HO CHI MINH CITY - "She loves you ..." the band sings. "Yeah! Yeah! Yeah!" the swaying crowd roars back. The concert by The Beatels, a band of Fab Four lookalikes from Australia, is reminiscent of Shea Stadium circa 1965 - but the year is 2005, and the venue is the former Saigon, wartime capital of US-backed South Vietnam.

In a country where 56% of the populace was born after the Vietnam War ended in a communist victory 30 years ago, this is the face of the future: dancing teenagers singing rock 'n' roll in English instead of the revolutionary music that fuelled their parents' fight for independence. Today's generation chat on cellphones, wear designer jeans, surf the Web, and firmly believe that with hard work and education - preferably at an American college - young Vietnamese can make their nation great.

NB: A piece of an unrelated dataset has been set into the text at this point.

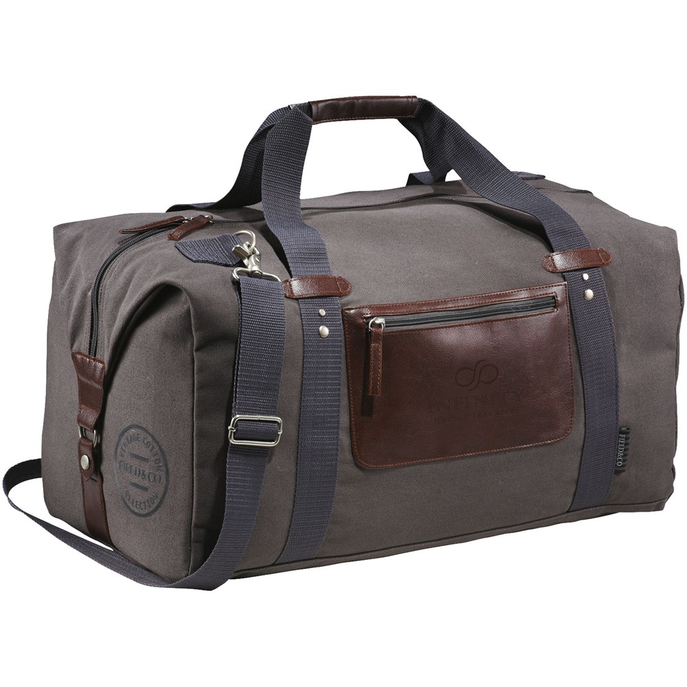 Duffeltas met exclusief design, gemaakt van katoen, met een groot hoofdvak en unieke Field & Co.™ details. Vinyl accenten, voorvak met rits en duurzame handgrepen. Zijden kunnen naar beneden worden gedaan en vastgezet wanneer u niet veel draagt, of u kunt de zijkanten losmaken wanneer de tas volledig is gevuld. Geschikt voor bevestiging aan trolleykoffer.

Vu Hai Minh's grandfathers fought on separate sides of the war. Now the 17-year-old plans to study economics in Singapore. "Vietnamese young people are very talented. They want to show they can rebuild the country," he says. "If Vietnam can defeat the biggest power in the world, it shows that it has huge potential." After more than two decades of war to oust the French and then the Americans, Vietnam was reunited as an independent communist country in 1975, but still suffered isolation and extreme poverty before it began opening its economy to the world in the mid-1980s. Now it has a peacetime generation that has gone from rice fields to universities, determined to push Vietnam onto the international stage.

"Everyone wants to contribute to the country and to see the country change, be prosperous and healthy, and have more freedoms," says Bao Chau. The 10th-grader, who speaks perfect English and likes Jennifer Lopez and Britney Spears, plans to follow her older sister to college in California to become a doctor.

Chau's dreams are typical of many young Vietnamese who yearn to be educated in the United States or Europe. But few are that lucky: The annual national income averages only about 8,6-million dong (R3 340) a year, and only 3 000 new Vietnamese students enrolled in American colleges last year. Others study closer to home in Singapore or Australia, and more and more are enrolling in colleges within Vietnam - a privilege once reserved for the rich and well connected.

While eagerly embracing capitalism and nurturing a middle class, Vietnam remains a one-party system where political dissent is sharply curtailed. The party, run largely by old-guard conservatives, shows no sign of abandoning its monopoly on power and has been urging new members to join. But the mere fact that the communist leadership is allowing youngsters to be exposed to Western ideas of democracy and free speech shows that the regime is loosening up. "You cannot say whatever you want to say and do whatever you want to do in Vietnam because there are laws and regulations that govern this."

"But once the young generation takes power, I think they will have a good way to govern the country," said Hoai Thanh (24), who runs an underground rock magazine in Hanoi. Thanh, who returned to Vietnam from Sweden with a master's degree in journalism, is eager to see faster change. "I think that in the next 20 years Vietnam will be an open and modern country," she predicted.